Usually the bad ones stick with you harder than the good ones which seem to become distant memories much faster.
But there are days that make you wake up and your stomach is sour, your head hurts and everything feels *off*.
Literally everything sucks, it sucks to breathe, eat, work, do anything but lay there; and in laying there, there is no rest
from your mind.
There are days I hate the way my mind works. I hate multiple thoughts happening at once, the darkness that preoccupies most of my thoughts.
I hate it but I also love it, when it stops affecting my life negatively.
Yesterday all these things and more affected me negatively. I’ve reached a point where I can’t afford for them to affect me negatively.

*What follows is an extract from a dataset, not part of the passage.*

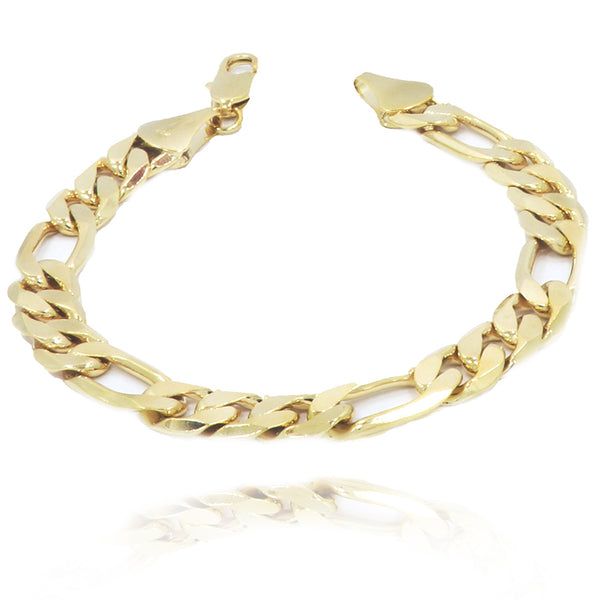 11MM/9"INCHES 14K GOLD FINISH WIDE FIGARO LINK BRACELET

I can’t afford to react to it negatively either. Instinct and bad habits grooming me to leave before I’m left, bail before I’m bailed on.

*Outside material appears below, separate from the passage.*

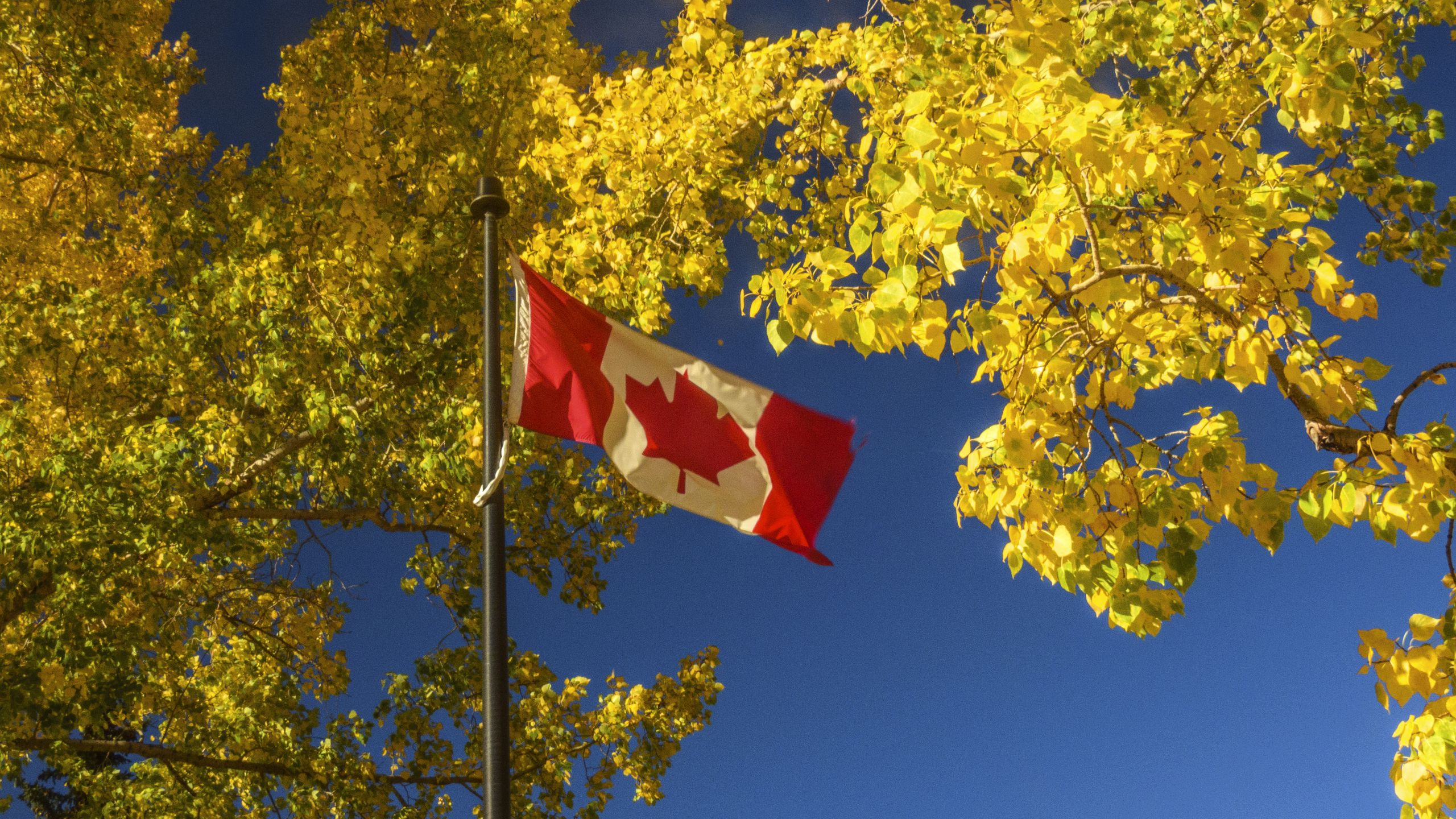 2560x1440 флаг, деревья, листья, канада обои 16:9

Rather than believing in the best, and sticking it out. I feel exhausted and disappointed and… scared.
Fear isn’t something I admit easily.
But there it is, plain as day.
It’s hard to write about this and not circle the drain and the same thoughts.
It makes it hard to reflect on days when your brain is wired to highlight the negative to the extreme and catastrophize the minuscule.
I work hard to maintain perspective and maintain self-control. A task that is so hard to do as you get older. There are so many
buttons and the world is eager and able to push them. This world can be so ugly while maintaining a beauty that is indescribable.
I’ve just grown so tired of being sick and tired. I’ve started searching for fulfillment, for things in this life that honor and build up
my talents and goals. I’m tired of the remorse hangover following a terrible day. Bring it two fold where you remember bad thing as terrible
and spend the night wondering how you can fix it. If only you could predict the future or go back in time. Depression is purgatory.
I was hoping to be able to end this on an optimistic note. But I don’t feel very optimistic, I don’t feel pessimistic either. I feel empty.
Like when a picture doesn’t load all the way and it’s just an empty square with a red x. I hover between that and grey tinted optimism. It’s
out now though. Instead of balled up inside my stomach and wrecking havoc with my sleep. The thoughts still tumble around in my head but their
edges are no longer so sharp. It can’t fester. But also I hope someone else can see this, at some moment, and know that someone else *gets* it too.